**Task instructions:** Please restate word for word the lines from the top of the entries through the line that contains "crêpe, cintura, brand", and do not include any pictures.

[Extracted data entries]
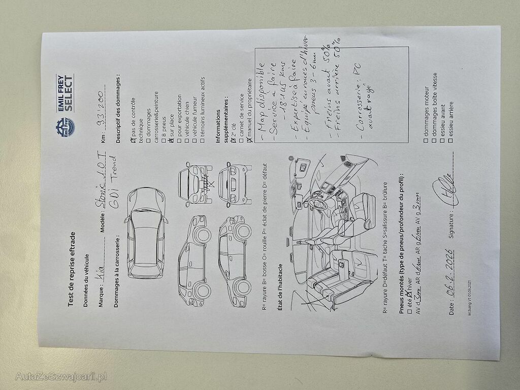 | Information | 2 clés Map disponible Service à faire -18145 kms Expertise à faire Equipé en roues d'hiver pneus 3 et 6 mm Freins avant 50 % Freins arrière 50 % Carrosserie : Pare-chocs avant rayé Pas de contrôle technique (essai en route) effectué |
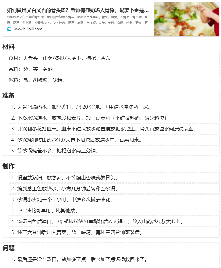 大部分菜会首先学习一下并记录为笔记,比如F-10冬瓜大骨汤就像这样。
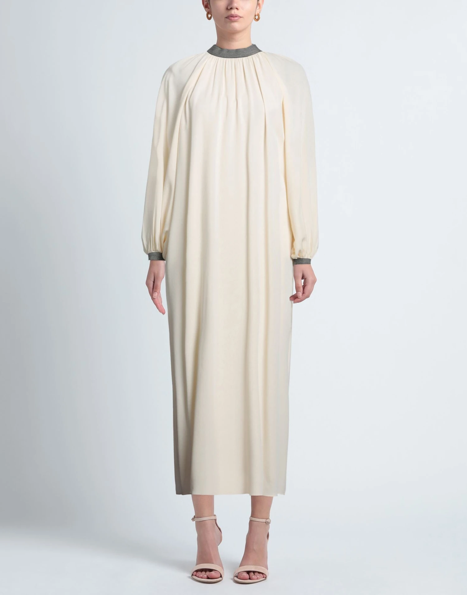 crêpe, cintura, brand logo, fantasia bicolore, collo tondo, maniche lunghe, interno foderato, zip, gancetti, senza tasche, contiene parti non tessili di origine animale, modello a trapezio
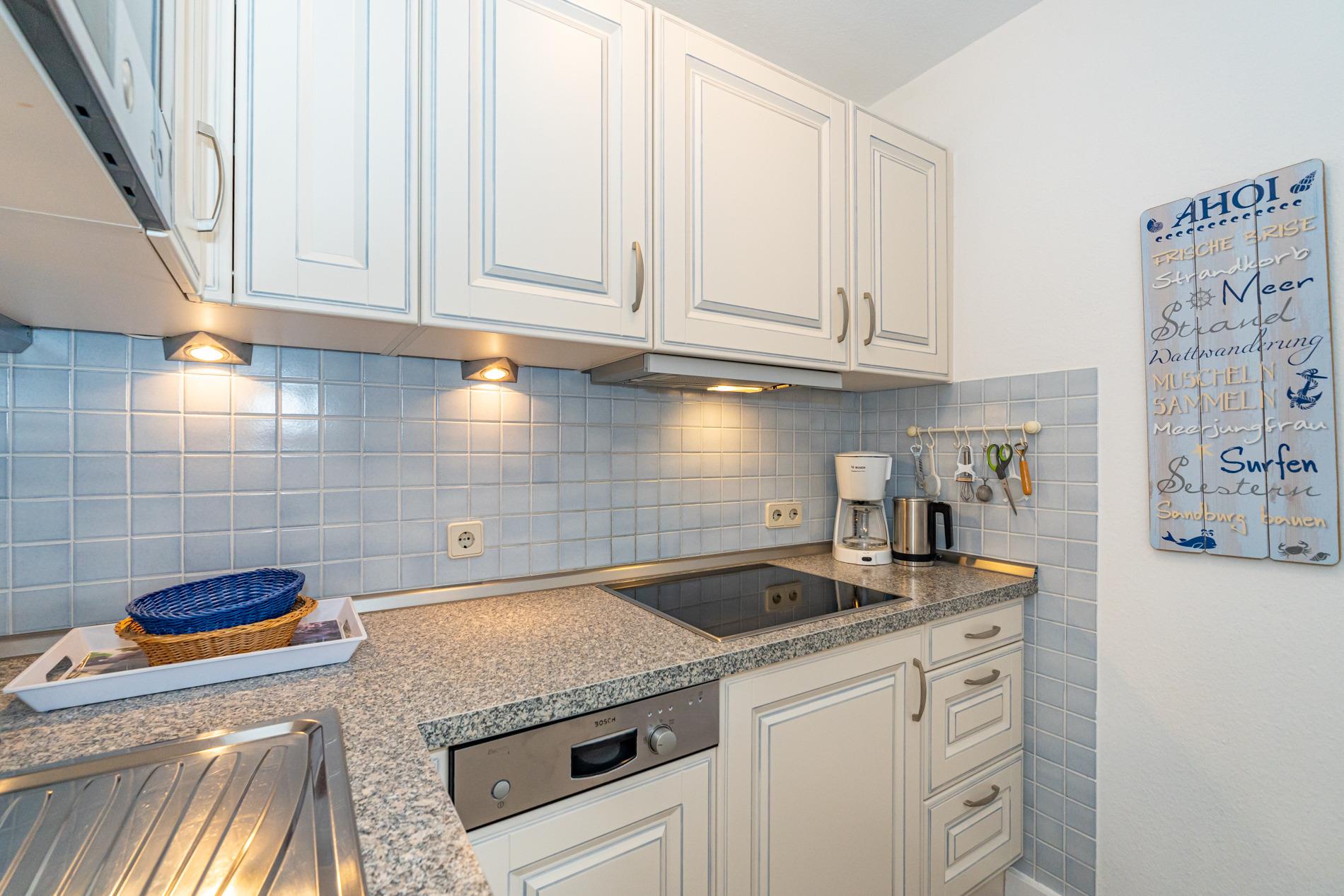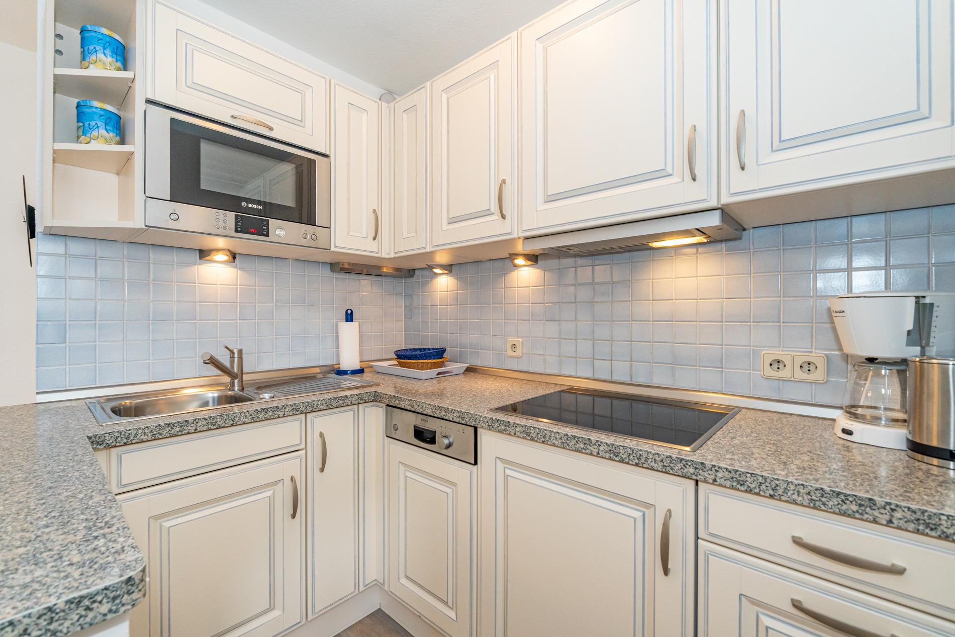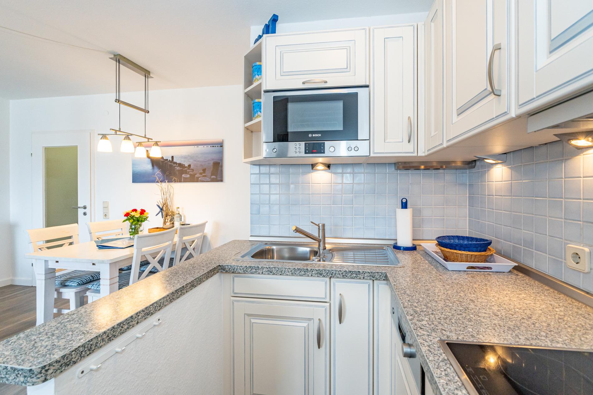Die neue, offene Küche ist mit Geschirrspüler, Cerankochfeld , Mikrowelle und Kühlschrank mit 4-Sterne-Gefrierfach gut ausgestattet.
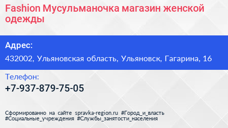 Fashion Мусульманочка, магазин женской одежды по адресу 432002, Ульяновская область, Ульяновск, Гагарина, 16 в дальнейшем Организация, размещена в следующих категориях:
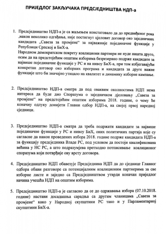 "Predsjedništvo NDP-a je sa žaljenjem konstatovao da do predviđenog roka "nakon nekoliko odgađanja, nije postignut cjelovit dogovor oko zajedničkih kandidata "Saveza za promjene" za najvažnije pojedinačne funkcije u Republici Srpskoj i BiH-a.
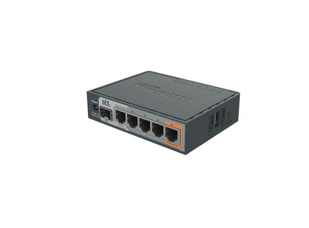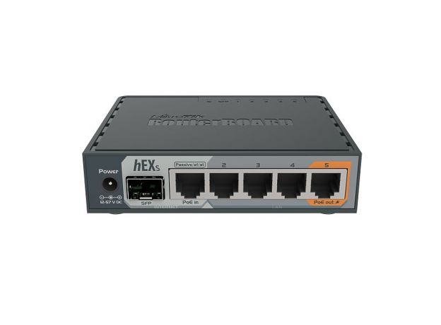 hEX S – продвинутый маршрутизатор Mikrotik для небольших офисов, оснащённый 5-ю Ethernet-портами 1 Гбит/с, 1-им портом SFP (1.25 Гбит) для оптических соединений, мощным двух ядерным процессором с тактовой частотой 880 МГц, 256 МБ оперативной памяти, портом USB, а также слотом для карт памяти microSD. Ethernet-порт №1 может использоваться для получения питания устройства посредством Power over Ethernet стандартов Passive PoE / 802.3af/at (PoE+) 12—57 В от другого оборудования; Ethernet-порт №5 может использоваться для подачи питания для других устройств посредством Power over Ethernet стандарта Passive PoE до 57 В! Устройство поддерживает аппаратное IPsec шифрование данных (~470 Мбит/с), а также возможность установки пакета 'MikroTik The Dude'.
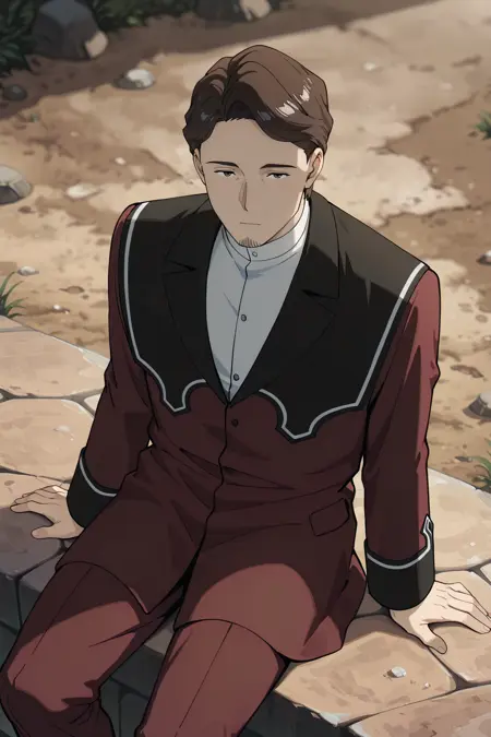 Richter, richter (sousou no frieren), brown hair, brown eyes, facial hair
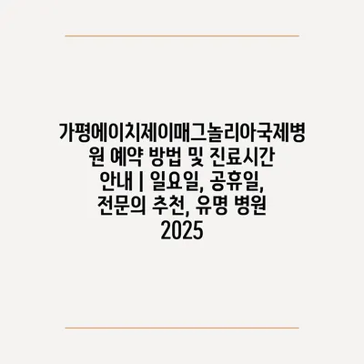 가평에이치제이매그놀리아국제병원 예약 방법 및 진료시간 공지 | 일요일, 공휴일, 전연락 추천, 유명 병원 2025

**Solution to this exercise:**
 | Information | 2 clés Map disponible Service à faire -18145 kms Expertise à faire Equipé en roues d'hiver pneus 3 et 6 mm Freins avant 50 % Freins arrière 50 % Carrosserie : Pare-chocs avant rayé Pas de contrôle technique (essai en route) effectué |
 大部分菜会首先学习一下并记录为笔记,比如F-10冬瓜大骨汤就像这样。
 crêpe, cintura, brand logo, fantasia bicolore, collo tondo, maniche lunghe, interno foderato, zip, gancetti, senza tasche, contiene parti non tessili di origine animale, modello a trapezio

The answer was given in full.